Exercise 3: Create and Query a FAISS Index

Task:

Index a set of support articles and search for the most relevant one based on a query.

Solution:

import faiss
import numpy as np

articles = [
    "Resetting your password from the login page",
    "Changing your profile photo and bio",
    "Canceling your subscription and managing refunds"
]

# Generate embeddings
vectors = [get_embedding(article) for article in articles]
matrix = np.array(vectors).astype("float32")
faiss.normalize_L2(matrix)

# Create FAISS index
index = faiss.IndexFlatIP(len(matrix[0]))
index.add(matrix)

# Query
query = "How do I cancel my membership?"
query_vec = np.array([get_embedding(query)]).astype("float32")
faiss.normalize_L2(query_vec)

# Search
similarities, idxs = index.search(query_vec, k=2)
for i in idxs[0]:
    print("📄 Match:", articles[i])

Exercise 4: Build a Simple Semantic Search App with Pinecone

Task:

Use Pinecone to store embeddings and return the best-matching document for a user question.

Solution:

import pinecone

pinecone.init(
    api_key=os.getenv("PINECONE_API_KEY"),
    environment=os.getenv("PINECONE_ENV")
)

# Create or connect to index
index_name = "quick-search"
if index_name not in pinecone.list_indexes():
    pinecone.create_index(index_name, dimension=1536, metric="cosine")

index = pinecone.Index(index_name)

docs = {
    "a1": "How to export data from your dashboard",
    "a2": "Steps to upgrade your subscription plan",
    "a3": "Changing your registered email address"
}

# Insert documents
to_upsert = [
    (doc_id, get_embedding(text), {"text": text})
    for doc_id, text in docs.items()
]
index.upsert(vectors=to_upsert)

# Search
user_query = "Can I switch to a higher plan?"
query_vec = get_embedding(user_query)

results = index.query(vector=query_vec, top_k=1, include_metadata=True)
print("🔍 Top match:", results["matches"][0]["metadata"]["text"])

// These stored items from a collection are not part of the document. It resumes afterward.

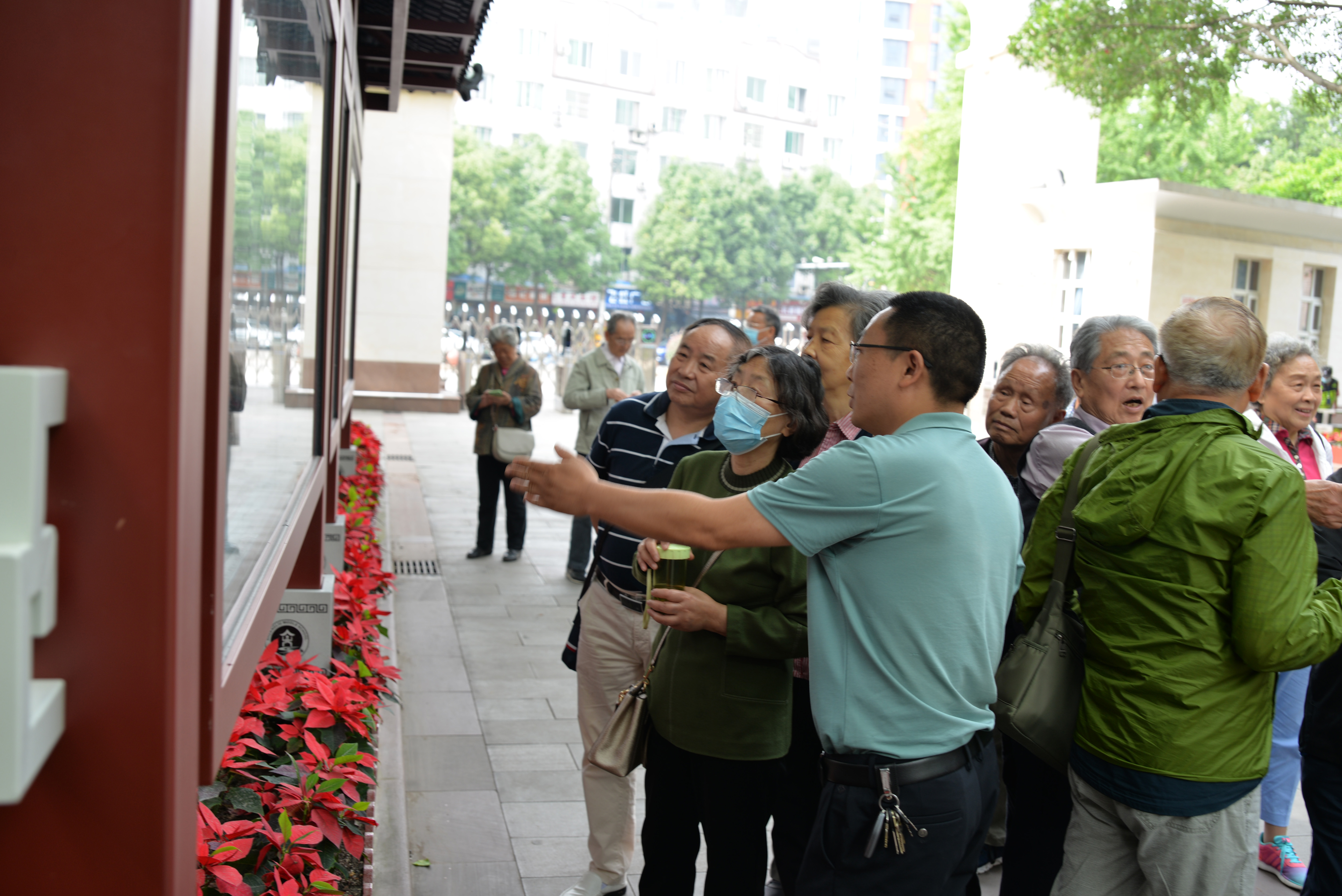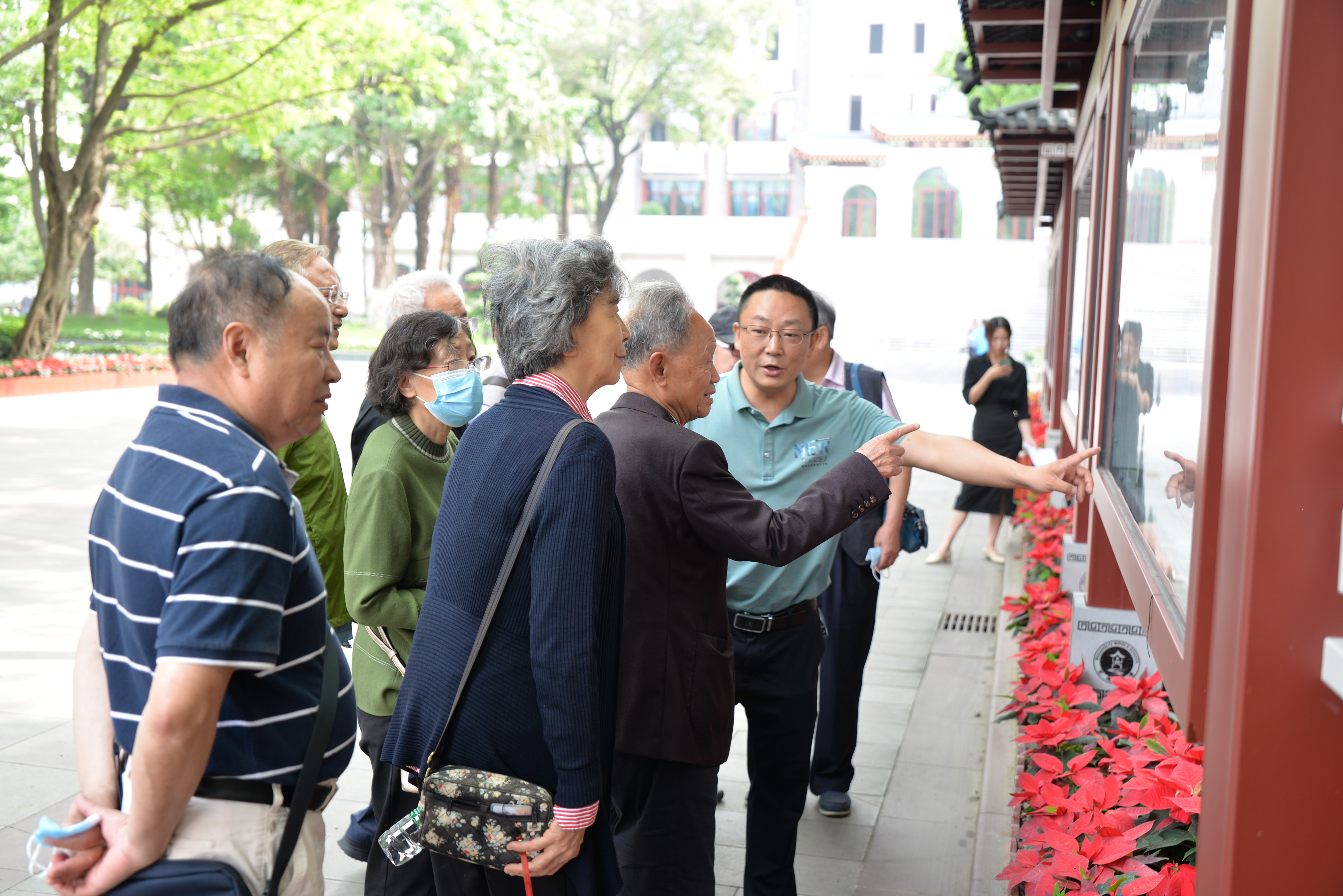 24位老校長在彭春暉主任的帶領下參觀校園,在彭主任的講解下,老校長們大致了解了雙中80年來的辦學歷史和辦學成果。彭春暉主任向24位退休校長介紹學校辦學成果
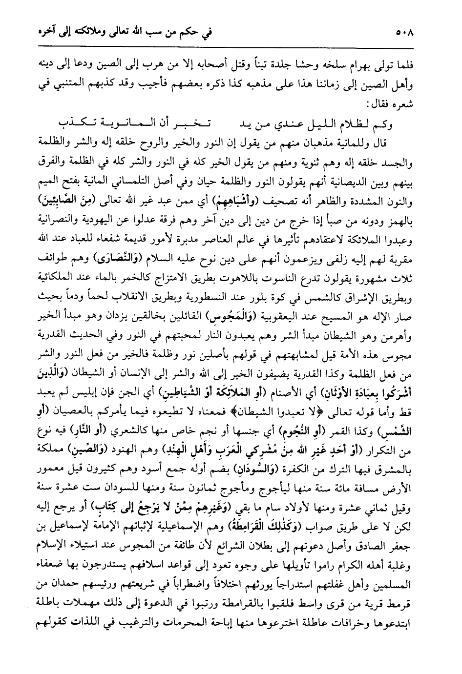 قال وللمانية مذهبان منهم من يقول إن النور والخير والروح خلقه إله والشر والظلمة والجسد خلقه إله وهم ثنوية ومنهم من يقول الخير كله في النور والشر كله في الظلمة والفرق بينهم وبين الديصانية أنهم يقولون النور والظلمة حيان وفي أصل التلمساني المانية بفتح الميم والنون المشددة والظاهر أنه تصحيف (وأشباههم) أي ممن عبد غير الله تعالى (من الصّابئين) بالهمز ودونه من صبأ إذا خرج من دين إلى دين آخر وهم فرقة عدلوا عن اليهودية والنصرانية وعبدوا الملائكة لا عتقادهم تأثيرها في عالم العناصر مدبرة لأمور قديمة شفعاء للعباد عند الله مقربة لهم إليه زلفى ويزعمون أنهم على دين نوح عليه السلام (والنّصارى) وهم طوائف ثلاث مشهورة يقولون تدرع الناسوت باللاهوت بطريق الامتزاج كالخمر بالماء عند الملكائية وبطريق الإشراق كالشمس في كوة بلور عند النسطورية وبطريق الانقلاب لحما ودما بحيث صار الإله هو المسيح عند اليعقوبية (والمجوس) القائلين بخالقين يزدان وهو مبدأ الخير وأهرمن وهو الشيطان مبدأ الشر وهم يعبدون النار لمحبتهم في النور وفي الحديث القدرية مجوس هذه الأمة قيل لمشابهتهم في قولهم بأصلين نور وظلمة فالخير من فعل النور والشر من فعل الظلمة وكذا القدرية يضيفون الخير إلى الله والشر إلى الإنسان أو الشيطان (والّذين أشركوا بعبادة الأوثان) أي الأصنام (أو الملائكة أو الشّياطين) أي الجن فإن إبليس لم يعبد قط وأما قوله تعالى لا تَعْبُدُوا الشَّيْطانَ فمعناه لا تطيعوه فيما يأمركم بالعصيان (أو الشّمس) وكذا القمر (أو النّجوم) أي جنسها أو نجم خاص منها كالشعري (أو النّار) فيه نوع من التكرار (أَوْ أَحَدٍ غَيْرِ اللَّهِ مِنْ مُشْرِكِي الْعَرَبِ وأهل الهند) وهم الهنود (والصّين) مملكة بالمشرق فيها الترك من الكفرة (والسّودان) بضم أوله جمع أسود وهم كثيرون قيل معمور الأرض مسافة مائة سنة منها ليأجوج ومأجوج ثمانون سنة ومنها للسودان ست عشرة سنة وقيل ثماني عشرة ومنها لأولاد سام ما بقي (وغيرهم ممّن لا يرجع إلى كتاب) أو يرجع إليه لكن لا على طريق صواب (وكذلك القرامطة) وهم الإسماعيلية لإثباتهم الإمامة لإسماعيل بن جعفر الصادق وأصل دعوتهم إلى بطلان الشرائع لأن طائفة من المجوس عند استيلاء الإسلام وغلبة أهله الكرام راموا تأويلها على وجوه تعود إلى قواعد اسلافهم يستدرجون بها ضعفاء المسلمين وأهل غفلتهم استدراجا يورثهم اختلافا واضطرابا في شريعتهم ورئيسهم حمدان من قرمط قرية من قرى واسط فلقبوا بالقرامطة ورتبوا في الدعوة إلى ذلك مهملات باطلة ابتدعوها وخرافات عاطلة اخترعوها منها إباحة المحرمات والترغيب في اللذات كقولهم
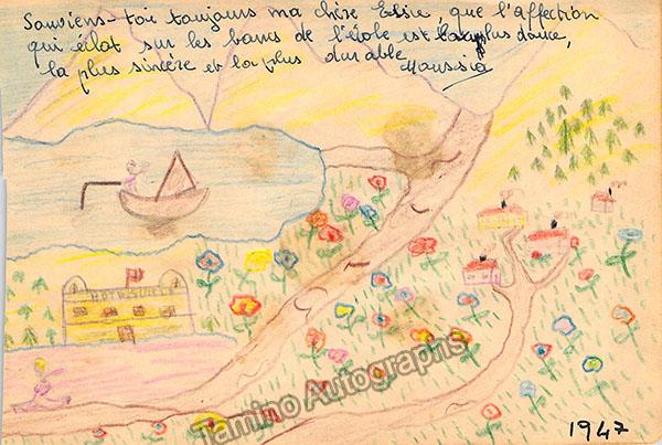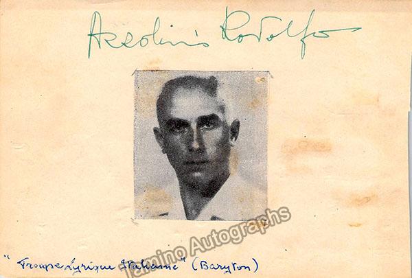 Italian baritone (1916-?), autograph note signed with attached half-tone photo, shown as himself (photo is taped onto an album page with signature on the top of the page above the photo).  Additional inscription on verso, dated in 1947 with attractive hand-written drawing of a countryside and river with a boat. Size is 4 x 6 inches, in excellent condition.

Exercise 5: Recommend Similar Blog Posts

Task:

Use embeddings to recommend blog posts that are semantically related to a given one.

Solution:

posts = [
    "10 Python tricks you didn’t know",
    "Deploying machine learning models with FastAPI",
    "Understanding transformer models in NLP",
    "Intro to JavaScript for data scientists"
]

# Embed posts
post_embeddings = [get_embedding(post) for post in posts]

# Define base post
base = "How transformers work in deep learning"
base_vec = get_embedding(base)

# Compute similarity
scores = [dot(base_vec, vec) / (norm(base_vec) * norm(vec)) for vec in post_embeddings]
top_indices = sorted(range(len(scores)), key=lambda i: scores[i], reverse=True)[:2]

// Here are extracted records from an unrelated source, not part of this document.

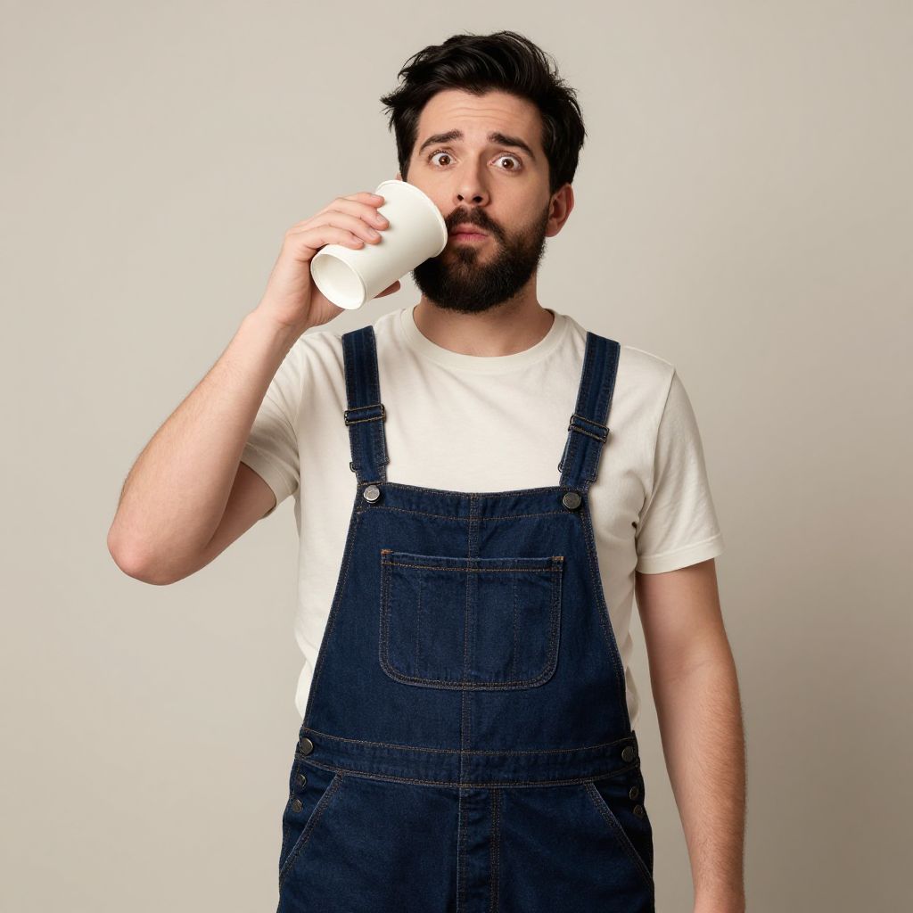 Realistic Drunk Man in Overalls
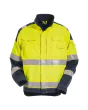 Inherent flammehemmende, lett materiale, høy slitestyrke, EN ISO 11612, EN 61482-1-2, EN IEC 61482-1-1, EN ISO 20471, CE-merket, kontrastsømmer, 3-nåls sømmer, to hemper for kommunikasjonsutstyr, stikklommer, stor lomme med glidelås, forlenget rygg, regulering i midjen, skjult knappejustering
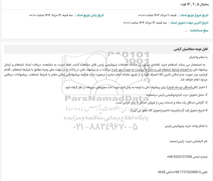 به استحضار می رساند استعلام خرید تقاضای مذکور در سامانه معاملات پتروشیمی پارس قابل مشاهده است. لطفا نسبت به مشاهده دریافت اسناد استعلام و ارسال پیشنهاد فنی به انضمام شرایط استعلام فنی و مالی به پیوست به صورت مهر شده در پاکت ب و پیشنهاد مالی در پاکت ج در مهلت مقرر وعينا مطابق با شرایط استعلام ، اقدام فرمایید و در صورت عدم امکان تامین کالا انصراف خود را از طریق سامانه اعلام نمایید در صورت ارایه هرگونه پیشنها دفنی و مالی مغایر با شرایط استعلام ، پیشنهادات دریافتی مردود اعلام خواهد شد.

print("📚 Recommended Posts:")
for i in top_indices:
    print("-", posts[i])

Summary of What You Practiced

Creating OpenAI embeddings from raw text
Comparing vectors with cosine similarity
Building a FAISS index for fast local vector search
Using Pinecone to persist and query vectors in the cloud
Making real-world recommendations based on semantic similarity

These exercises have equipped you with the core workflows that power intelligent assistants, chatbots, recommendation systems, and semantic search tools at scale.

Practical Exercises — Chapter 3

Exercise 1: Generate Embeddings for a List of Texts

Task:

Create embeddings for a list of product descriptions using OpenAI’s text-embedding-3-small model and print the dimension of each vector.

Solution:

import openai
import os
from dotenv import load_dotenv

load_dotenv()
openai.api_key = os.getenv("OPENAI_API_KEY")

products = [
    "Eco-friendly water bottle made from recycled plastic",
    "Wireless noise-cancelling headphones",
    "Ergonomic office chair with lumbar support"
]

embeddings = []

for product in products:
    response = openai.Embedding.create(input=product, model="text-embedding-3-small")
    vector = response["data"][0]["embedding"]
    embeddings.append(vector)
    print(f"🔢 Vector length: {len(vector)}")

Exercise 2: Calculate Similarity Between Two Texts

Task:

Compare the semantic similarity between two user reviews using cosine similarity.

Solution:

from numpy import dot
from numpy.linalg import norm

review_1 = "The delivery was super fast and the packaging was great!"
review_2 = "Shipping was quick and everything arrived safely."

def get_embedding(text):
    return openai.Embedding.create(input=text, model="text-embedding-3-small")["data"][0]["embedding"]

vec1 = get_embedding(review_1)
vec2 = get_embedding(review_2)

similarity = dot(vec1, vec2) / (norm(vec1) * norm(vec2))
print("🔗 Semantic Similarity:", round(similarity, 3))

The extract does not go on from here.